When LatentDirichletAllocation is applied on a “document-term” matrix, the matrix will be decomposed into a “topic-term” matrix and a “document-topic” matrix. While “topic-term” matrix is stored as components_ in the model, “document-topic” matrix can be calculated from transform method.

Further reading:
- https://scikit-learn.org/stable/modules/generated/sklearn.decomposition.LatentDirichletAllocation.html
- https://www.depends-on-the-definition.com/lda-from-scratch/

In [None]:
from sklearn.feature_extraction.text import CountVectorizer
from sklearn.decomposition import LatentDirichletAllocation

In [None]:
vectorizer = CountVectorizer(max_features=10000, stop_words="english", max_df=0.95, min_df=2,)
encoded_docs = vectorizer.fit_transform(docs)

In [None]:
lda = LatentDirichletAllocation(n_components=10, random_state=2022)

lda.fit(encoded_docs)

In [None]:
def plot_top_words(model, feature_names, n_top_words, title):
    fig, axes = plt.subplots(2, 5, figsize=(30, 8), sharex=True)
    axes = axes.flatten()
    for topic_idx, topic in enumerate(model.components_):
        top_features_ind = topic.argsort()[: -n_top_words - 1 : -1]
        top_features = [feature_names[i] for i in top_features_ind]
        weights = topic[top_features_ind]

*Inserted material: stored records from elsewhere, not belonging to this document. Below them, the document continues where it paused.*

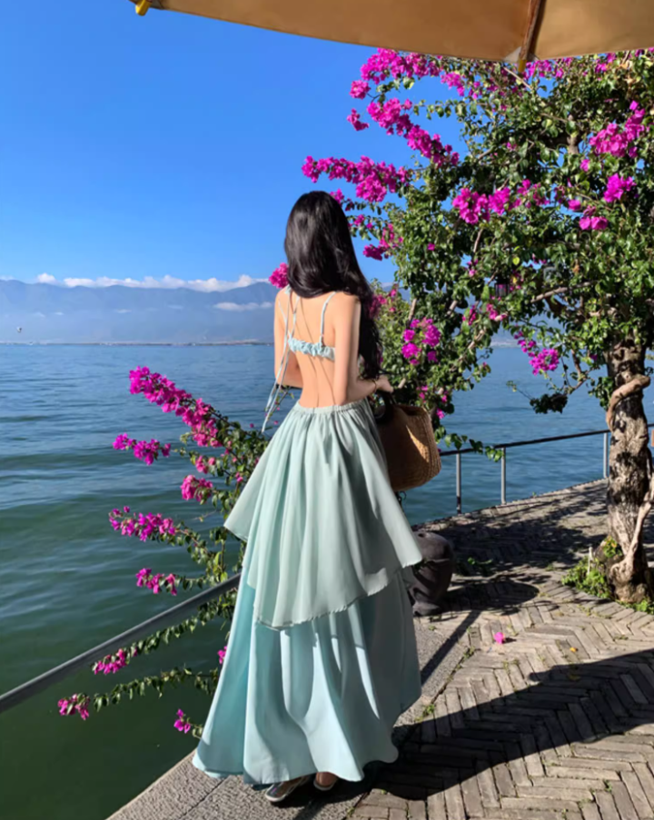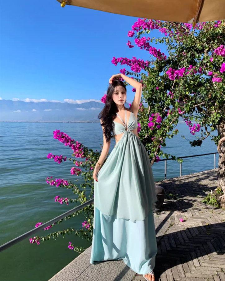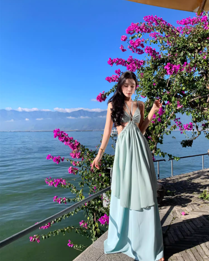 Ethereal Mint Green Spaghetti Strap Maxi Dress Coastal Trips Glamourous Flowy Cutout Waist Long Dress AP1538
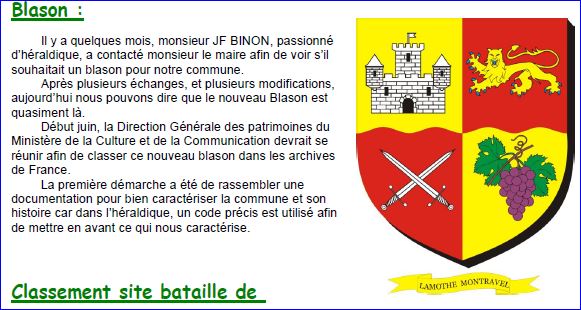 (2015) Écartelé, le trait du coupé ondé: au 1er d'or au château donjonné d'une pièce, girouetté et flanqué de deux échauguettes couvertes, le tout d'argent, ouvert, ajouré et maçonné de sable, au 2e de gueules au léopard d'or armé et lampassé d'azur, au 3e de gueules à deux épées d'argent passées en sautoir, au 4e d'or à la grappe de raisin de pourpre tigée et feuillée au naturel.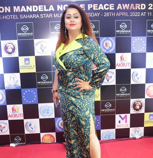 “A winner is a dreamer who never gives up” these precious words said by Nelson Mandela have a great impact on everyone’s life. Nelson Mandela Noble Peace Award Academy had presented Nelson Mandela Noble Peace Award and Honorary Doctorate Degree at Sahara Star on 28th April, 2022. Producer and Social Activist Eram Faridi were honoured to be nominated for such a dignitary award. She was been awarded Doctorate Degree under “Social Work and Film Production”. She was been awarded by Dubai’s HH Sheikh Majid Rashid the ruling family member of United Arabs Emirates ,UAE Businessman Bu Abdullah ,HON Sambhaji Raje member of Rajya Sabha, Vaishnavi Samant, Dr.Pralhad Modi the brother of respected Prime Minister Narendra Modi and Shailendra Ganeshe – Educationalist,
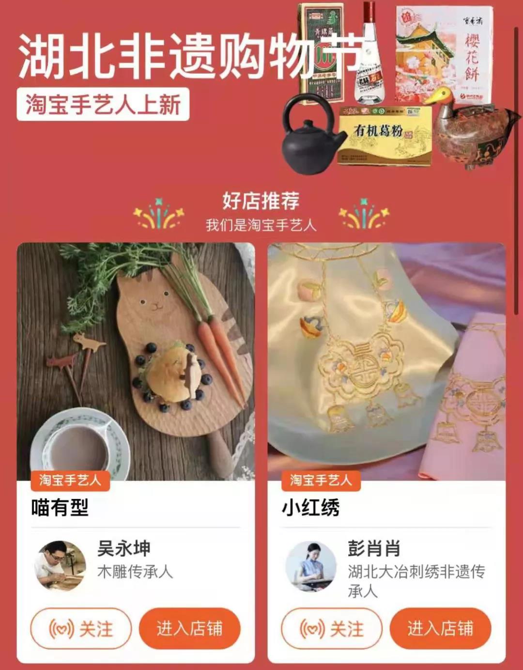 阿里巴巴旗下淘宝手艺人业务对本次湖北非遗购物节活动提供线上电商平台特别支持,推出“湖北非遗购物节”专场,用于集中展现由湖北非遗保护中心推荐的非遗店铺。在6月10日至6月25日期间,打开手机淘宝搜索“湖北非遗购物节”,即可看到上述淘宝手艺人-“湖北非遗购物节”专场。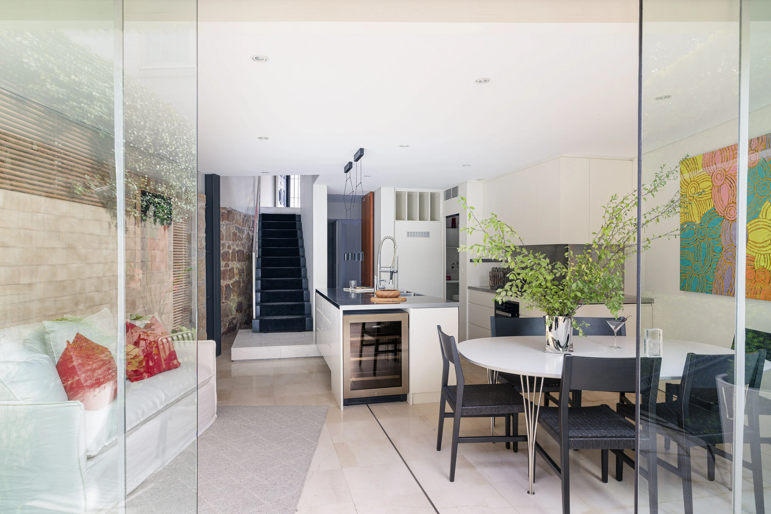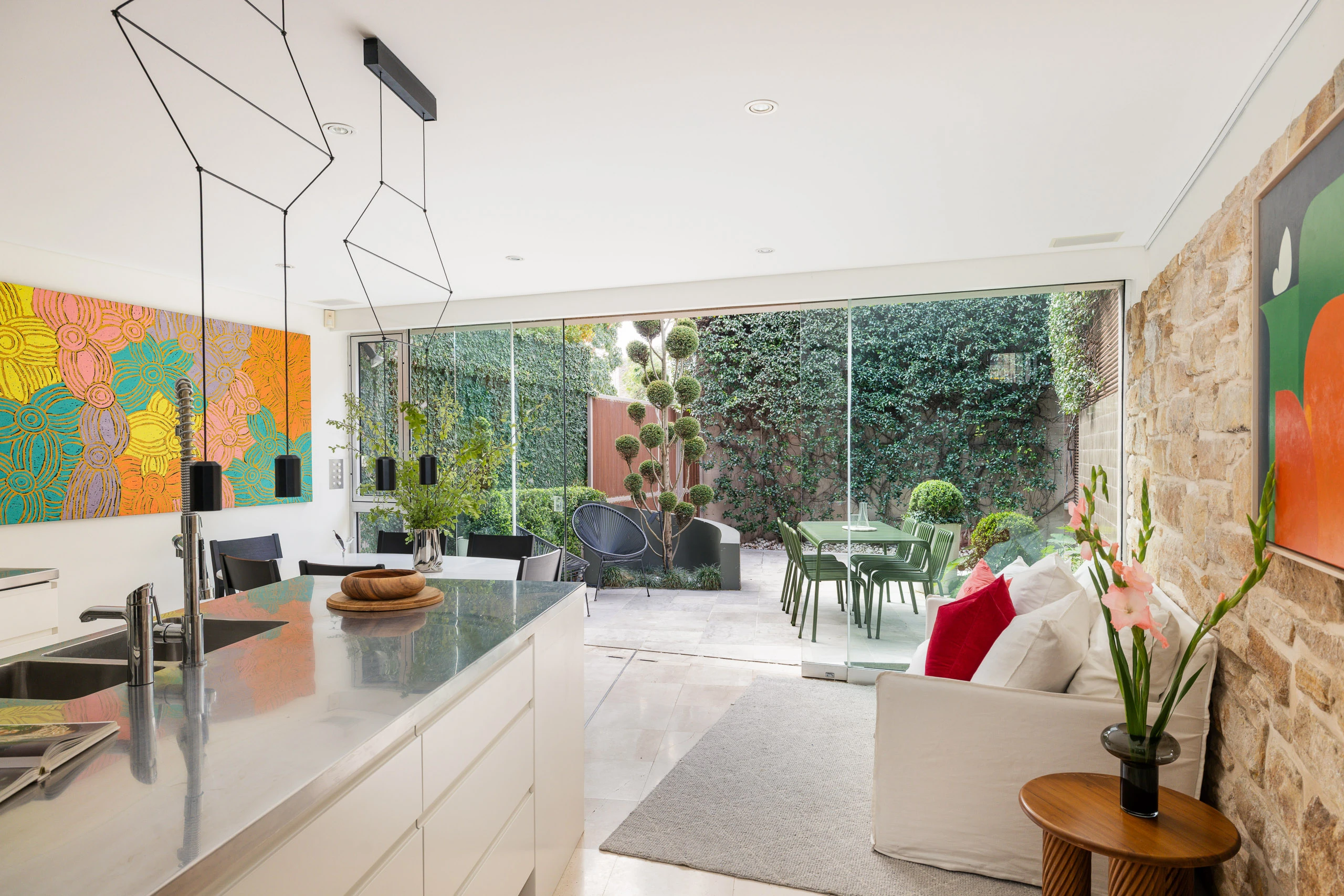 An inspired remodel by acclaimed architect Richard Archer has enhanced the indoor/outdoor harmony and open scale of this multi-level corner terrace, superbly located in a peaceful laneway in Paddington’s village heart. Dual street frontages allow for rare lock-up parking and two distinct outdoor entertaining spaces, each with an ideal north aspect. The exquisite landscape design and natural stone and marble finishes bring a sense of refinement worthy of the outstanding position, just moments to Oxford Street, Glenmore Road boutiques and Royal Hospital for Women Park.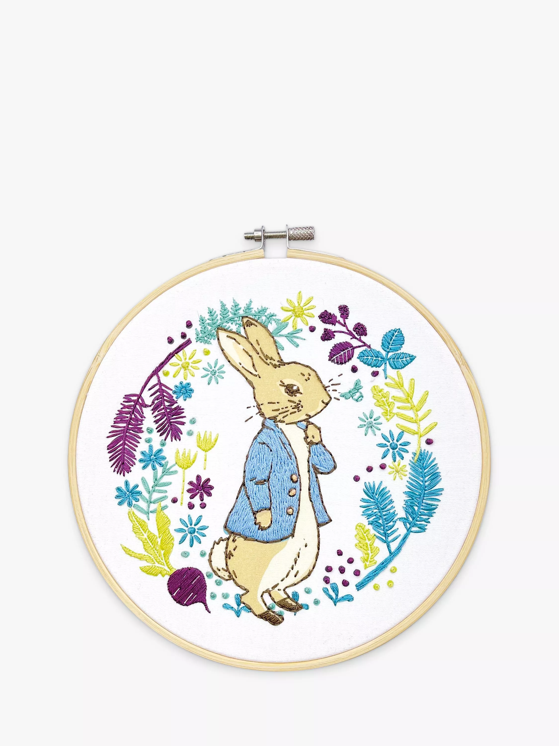 He fills the centre of the hoop and is surrounded by a glorious wreath of blue, teal, green and purple flowers and leaves. Aimed at beginners, you'll find great joy creating this embroidery kit designed under license from BEATRIX POTTER™ ©.

        ax = axes[topic_idx]
        ax.barh(top_features, weights, height=0.7)
        ax.set_title(f"Topic {topic_idx +1}", fontdict={"fontsize": 30})
        ax.invert_yaxis()
        ax.tick_params(axis="both", which="major", labelsize=20)
        for i in "top right left".split():
            ax.spines[i].set_visible(False)
        fig.suptitle(title, fontsize=40)

    plt.subplots_adjust(top=0.90, bottom=0.05, wspace=0.90, hspace=0.3)
    plt.show()

In [None]:
plot_top_words(lda, feature_names=vectorizer.get_feature_names_out(), n_top_words=10, title="Topics in LDA model")

## 2. The "modern" approach: BERTopic

We use similar tools as in part one. Could replace everything by language models.

Further reading:
- https://maartengr.github.io/BERTopic/
- Dynamic topic modelling: https://maartengr.github.io/BERTopic/getting_started/topicsovertime/topicsovertime.html


In [None]:
from bertopic import BERTopic
from sklearn.feature_extraction.text import TfidfVectorizer

# here we use a TFIDF-model, but we also could use a language model here (with GPU)
vectorizer_model = CountVectorizer(stop_words="english")

vectorizer = TfidfVectorizer(min_df=5, max_df=0.9, stop_words="english")
embeddings = vectorizer.fit_transform(docs)

# Train our topic model using TF-IDF vectors
topic_model = BERTopic(vectorizer_model=vectorizer_model)
topics, probs = topic_model.fit_transform(docs, embeddings)

### 2.1 Visualize the topics

https://maartengr.github.io/BERTopic/algorithm/algorithm.html

Further reading:
- https://maartengr.github.io/BERTopic/getting_started/visualization/visualization.html

In [None]:
topic_model.visualize_topics()

In [None]:
topic_model.visualize_documents(docs, embeddings=embeddings)

In [None]:
# Reduce topics
topic_model.reduce_topics(docs, nr_topics=20)

In [None]:
topic_model.visualize_documents(docs, embeddings=embeddings)

In [None]:
# Look at the topic top words
topic_model.get_topic(3)[:10]